NC HART training

Published 12:00 am Wednesday, December 2, 2009

By Holly Fesperman LeeSalisbury Post
A hunter falls from a tree stand in a heavily wooded area that’s inaccessible by vehicle.
The injured man needs medical attention, but the area is miles from a main road and it would take too long to carry him out.
What can emergency workers do to reach the man?
Rescuers with NC HART (Helicopter Aquatic Rescue Team) practiced that scenario and others Tuesday during a training exercise at the Rowan County Airport.
Fire, police and EMS personnel from across the state, along with members of the Army National Guard, make up NC HART, one of only three rescue teams of its kind in the country.
According to Tim Rogers with the Charlotte Fire Department, the team is “trained for about any kind of disaster where we need to put teams in and get citizens out.”
Last March, on St. Patrick’s Day, the team worked to rescue five fallen climbers in Burke County.
Lt. Col.
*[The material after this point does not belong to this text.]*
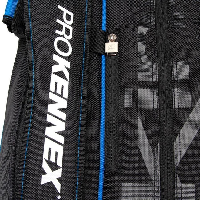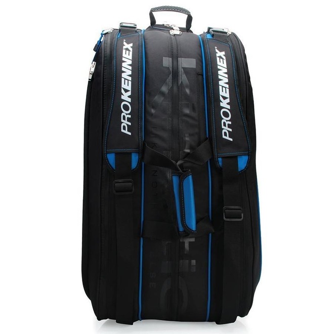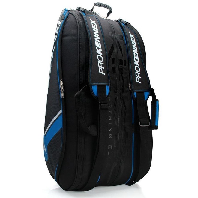 Descrição da Raqueteira Prokennex X12 2021 Preta e Azul A Prokennex foi pioneira no desenvolvimento de raquetes de Tênis, Squash, Badminton e tacos de Golfe.Foi precursora na combinação de materiais, na fabricação desses materiais e inovou ao introduzir fibras de grafite na estrutura de madeira das tradicionais raquetes da década 70.

Paul Barbee recalled that it was very cold that night and said the group probably would have died without the team’s help.
NC HART also helped with Hurricane Katrina relief efforts and aided in the search for Michael Auberry, the boy scout lost in the mountains last March.
“It’s a 24-7, 365 resource,” Rogers said.
The three scenarios the group practiced Tuesday involved searching for a victim over a huge area and using a helicopter to lift the victim out of the area.
Greg Atchley, N.C. Emergency Management area coordinator, explained that the person’s injuries determine what method rescuers use to lift them out of the area.
If the person doesn’t have any spinal injuries, NC HART could use a harness that fits around the person’s body and clips onto a cable that comes down out of the helicopter.
If the victim has some type of spinal injury and needs to be stabilized, rescuers will put the person on a backboard and then into a long bag. The cable clips onto the bag and lifts the person into the helicopter.
In either situation, a rescue worker rides with the victim to keep the person calm.
Capt. Christopher Joyner, deputy state public affairs officer with the National Guard, served as the victim in one of the scenarios earlier in the day.
While he’s been in combat before and served a year in Iraq, Joyner said being lifted by the helicopter was still scary.
“These guys really know how to take care of a patient,” he said.
In another scenario, kayakers went out on a swollen creek and became stranded on a debris field.
The victim in that situation was more badly injured than the fallen hunter, so rescuers used the backboard and bag to prepare the victim for the helicopter.
As the blackhawk helicopter approached, rescuers put on goggles to protect themselves from its hurricane force winds.Joyner explained that the team would practice a short haul in this scenario.
Team members secured the injured man, then the helicopter flew a short distance to an open field and dropped the man off. The helicopter came back and picked up a second man and dropped him off also.
The short haul works best when there are multiple victims, Joyner said.
“This is as realistic as it comes,” he said. “The idea is to train, train, train. … If you wait until the time you have to do it for real, you won’t be prepared.”